About this task
Retype each line of the material exactly, please, skipping any picture in it.

Supplied data
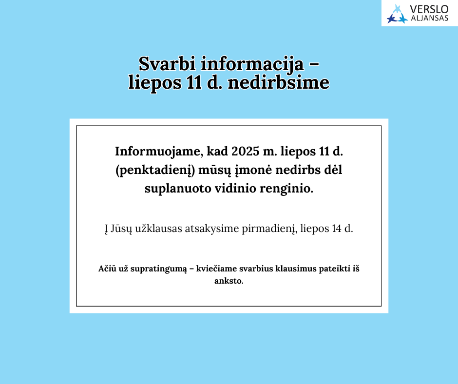 Informuojame, kad 2025 m. liepos 11 d. (penktadienį) mūsų įmonė nedirbs dėl suplanuoto vidinio renginio.
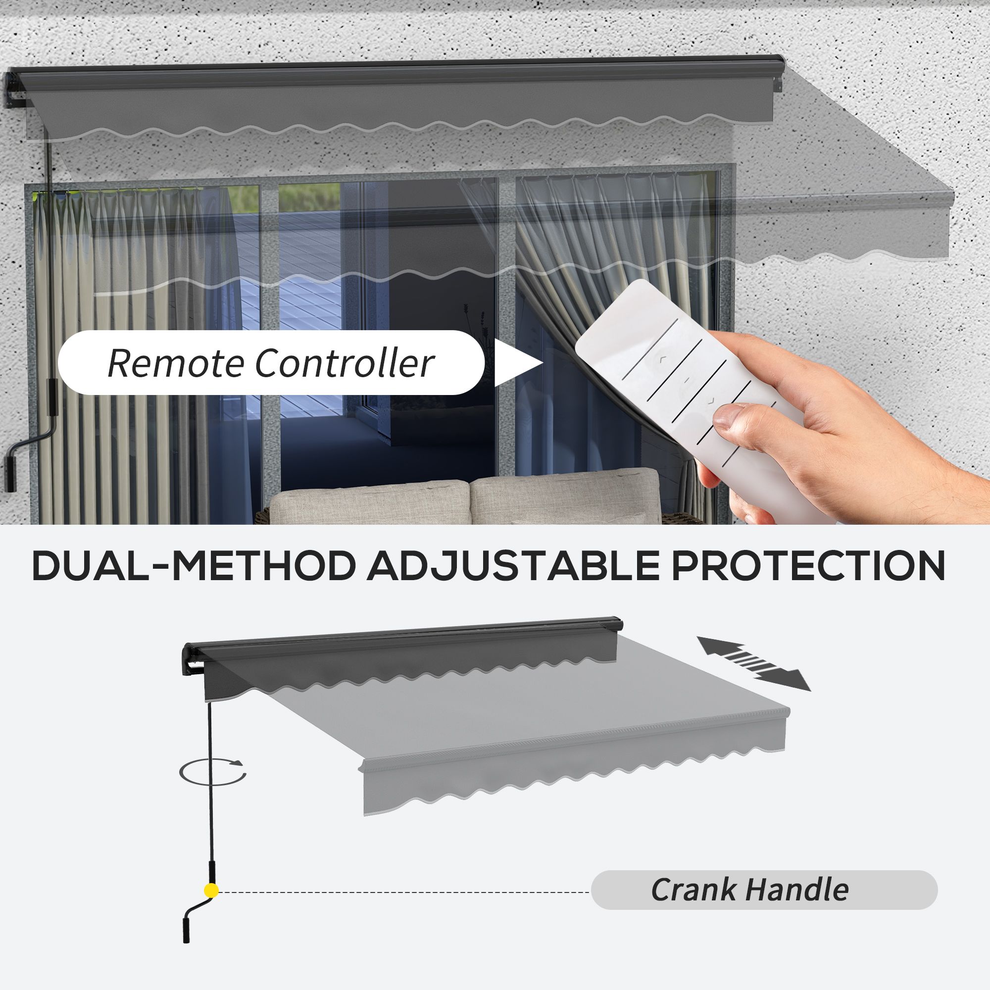 3.5 x 2.5m Aluminium Frame Electric Awning, Retractable Awning Sun Canopies for Patio Door Window, Dark Grey
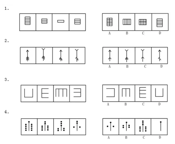 做圖形推理題的關(guān)鍵就在于找出第一套圖形中的規(guī)律。找到規(guī)律以后就可以很容易地把它運用到第二套圖形中去。要找到其規(guī)律,觀察圖形的要點有:圖形的大小、筆畫曲直多少、方向的旋轉(zhuǎn)、圖形的組合順序、圖形的疊加、求同等等。
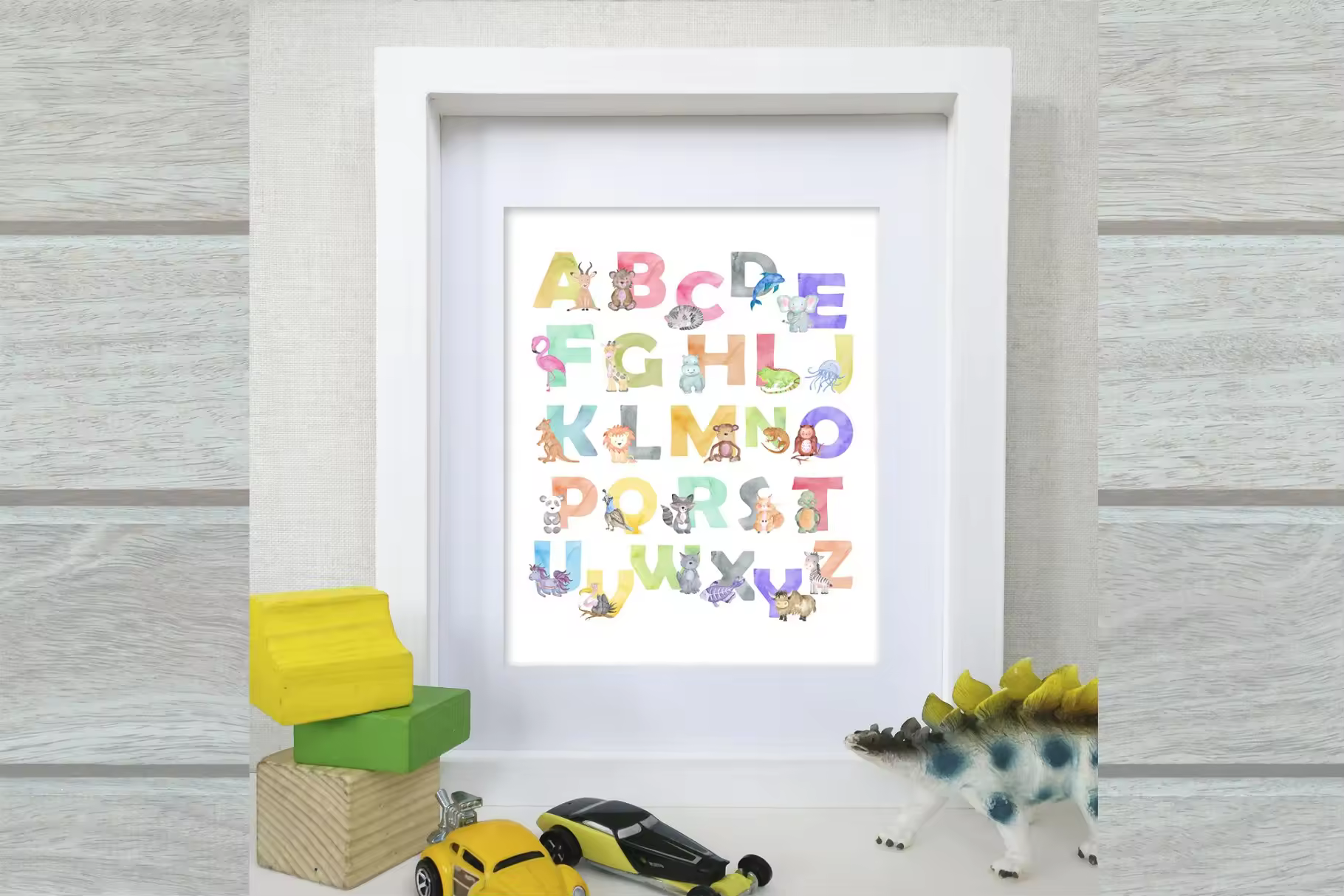这个剪贴板包含超过72个图形元素。这个系列包括一个16×20英寸(Jpeg和Png格式)的字母,26个带有动物的字母,26个可爱的水彩动物,26个没有动物的字母,你还将获得额外的水彩元素(太阳、彩虹、七彩六角形、气球和星星)
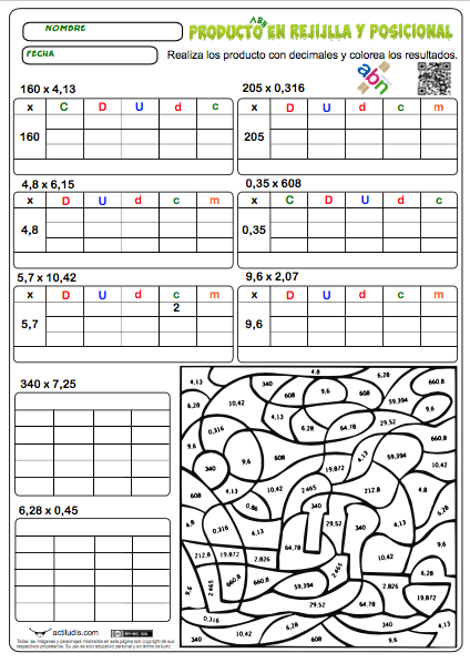 La siguiente ficha está pensada para reforzar el dominio de productos con decimales hasta las milésimas. En ella el alumnado encontrará productos de enteros por décimas y centésimas, de décimas por décimas y de décimas por centésimas. Además en esta actividad aparecen los dos formatos, rejilla ABN y posicional que el alumnado del tercer ciclo de Primaria debe dominar.
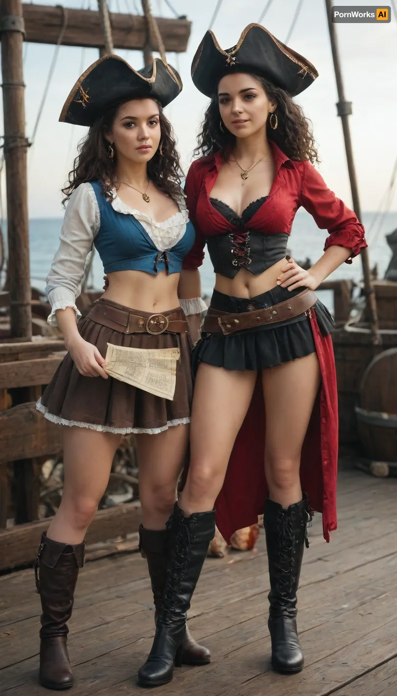Two beautiful pirate women standing on a pirate ship.{woman #1, long curly hair, huge boobs, thicks thighs, wearing a black pirate hat with a red feather on it, a black pirate one eye patch, holding a map, wearing a black, red, and blue corset with a black bow in the middle, long pirate black boots, wearing a mini ruffle brown skirt, thigh high black socks, a parrot on her shoulder} {Woman #2, long straight black hair, tiny blue skirt, wearing a black and red cropped blouse, long pirate brown boots, large boobs, holding a telescope, gold necklace} Two beautiful pirate women standing on a pirate ship.{woman #1, long curly hair, huge boobs, thicks thighs, wearing a black pirate hat with a red feather on it, a black pirate one eye patch, holding a map, wearing a black, red, and blue corset with a black bow in the middle, long pirate black boots, wearing a mini ruffle brown skirt, thigh high black socks, a parrot on her shoulder} {Woman #2, long straight black hair, tiny blue skirt, wearing a black and red cropped blouse, long pirate brown boots, large boobs, holding a telescope, gold necklace}

Your response
 Informuojame, kad 2025 m. liepos 11 d. (penktadienį) mūsų įmonė nedirbs dėl suplanuoto vidinio renginio.
 3.5 x 2.5m Aluminium Frame Electric Awning, Retractable Awning Sun Canopies for Patio Door Window, Dark Grey
 做圖形推理題的關(guān)鍵就在于找出第一套圖形中的規(guī)律。找到規(guī)律以后就可以很容易地把它運用到第二套圖形中去。要找到其規(guī)律,觀察圖形的要點有:圖形的大小、筆畫曲直多少、方向的旋轉(zhuǎn)、圖形的組合順序、圖形的疊加、求同等等。
这个剪贴板包含超过72个图形元素。这个系列包括一个16×20英寸(Jpeg和Png格式)的字母,26个带有动物的字母,26个可爱的水彩动物,26个没有动物的字母,你还将获得额外的水彩元素(太阳、彩虹、七彩六角形、气球和星星)
 La siguiente ficha está pensada para reforzar el dominio de productos con decimales hasta las milésimas. En ella el alumnado encontrará productos de enteros por décimas y centésimas, de décimas por décimas y de décimas por centésimas. Además en esta actividad aparecen los dos formatos, rejilla ABN y posicional que el alumnado del tercer ciclo de Primaria debe dominar.
Two beautiful pirate women standing on a pirate ship.{woman #1, long curly hair, huge boobs, thicks thighs, wearing a black pirate hat with a red feather on it, a black pirate one eye patch, holding a map, wearing a black, red, and blue corset with a black bow in the middle, long pirate black boots, wearing a mini ruffle brown skirt, thigh high black socks, a parrot on her shoulder} {Woman #2, long straight black hair, tiny blue skirt, wearing a black and red cropped blouse, long pirate brown boots, large boobs, holding a telescope, gold necklace} Two beautiful pirate women standing on a pirate ship.{woman #1, long curly hair, huge boobs, thicks thighs, wearing a black pirate hat with a red feather on it, a black pirate one eye patch, holding a map, wearing a black, red, and blue corset with a black bow in the middle, long pirate black boots, wearing a mini ruffle brown skirt, thigh high black socks, a parrot on her shoulder} {Woman #2, long straight black hair, tiny blue skirt, wearing a black and red cropped blouse, long pirate brown boots, large boobs, holding a telescope, gold necklace}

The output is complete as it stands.